The  provided in the web admin interface allows setting various request parameters and is useful when testing or debugging queries.

Sorting

Solr provides a simple method to sort on one or more indexed fields. Use the "sort' parameter to specify "field direction" pairs, separated by commas if there's more than one sort field:

"score" can also be used as a field name when specifying a sort:

Complex functions may also be used to sort results:

If no sort is specified, the default is score desc to return the matches having the highest relevancy.

Highlighting

Hit highlighting returns relevant snippets of each returned document, and highlights terms from the query within those context snippets.

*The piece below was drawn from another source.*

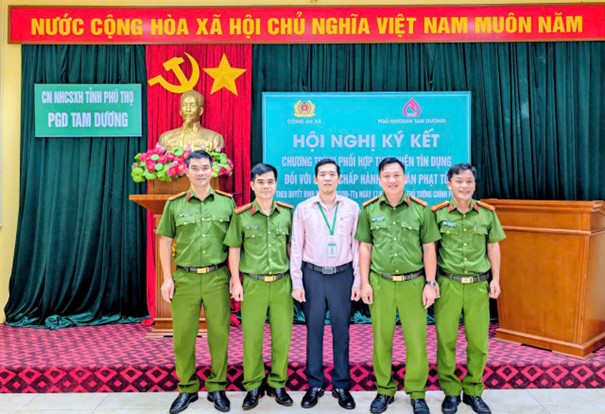 Thực hiện Quyết định số 22/2023/QĐ-TTg ngày 17/8/2023 của Thủ tướng Chính phủ về tín dụng đối với người chấp hành xong án phạt tù và Chương trình phối hợp số 2941/CTPH-CAT-NHCSXH ngày 22/9/2025 giữa Công an tỉnh Phú Thọ và Chi nhánh Ngân hàng Chính sách xã hội (NHCSXH) tỉnh Phú Thọ, ngày 10/11/2025, Phòng giao dịch NHCSXH Tam Dương phối hợp với Công an các xã Tam Dương, Tam Dương Bắc, Hoàng An và Hội Thịnh tổ chức Hội nghị ký kết Chương trình phối hợp thực hiện Quyết định số 22/2023/QĐ-TTg giai đoạn 2025–2028.

The following example searches for video card and requests highlighting on the fields name,features. This causes a highlighting section to be added to the response with the words to highlight surrounded with <em> (for emphasis) tags.

More request parameters related to controlling highlighting may be found .

Faceted Search

Faceted search takes the documents matched by a query and generates counts for various properties or categories. Links are usually provided that allows users to "drill down" or refine their search results based on the returned categories.

The following example searches for all documents (*:*) and requests counts by the category field cat.

Notice that although only the first 10 documents are returned in the results list, the facet counts generated are for the complete set of documents that match the query.

We can facet multiple ways at the same time. The following example adds a facet on the boolean inStock field:

Solr can also generate counts for arbitrary queries. The following example queries for ipod and shows prices below and above 100 by using range queries on the price field.

Solr can even facet by numeric ranges (including dates). This example requests counts for the manufacture date (manufacturedate_dt field) for each year between 2004 and 2010.

More information on faceted search may be found on the  and  pages.

Search UI

Solr includes an example search interface built with  that demonstrates many features, including searching, faceting, highlighting, autocomplete, and geospatial searching.

Try it out at 

Text Analysis

Text fields are typically indexed by breaking the text into words and applying various transformations such as lowercasing, removing plurals, or stemming to increase relevancy. The same text transformations are normally applied to any queries in order to match what is indexed.

The  defines the fields in the index and what type of analysis is applied to them. The current schema your collection is using may be viewed directly via the  in the Admin UI, or explored dynamically using the .

The best analysis components (tokenization and filtering) for your textual content depends heavily on language. As you can see in the , many of the fields in the example schema are using a fieldType named text_general, which has defaults appropriate for most languages.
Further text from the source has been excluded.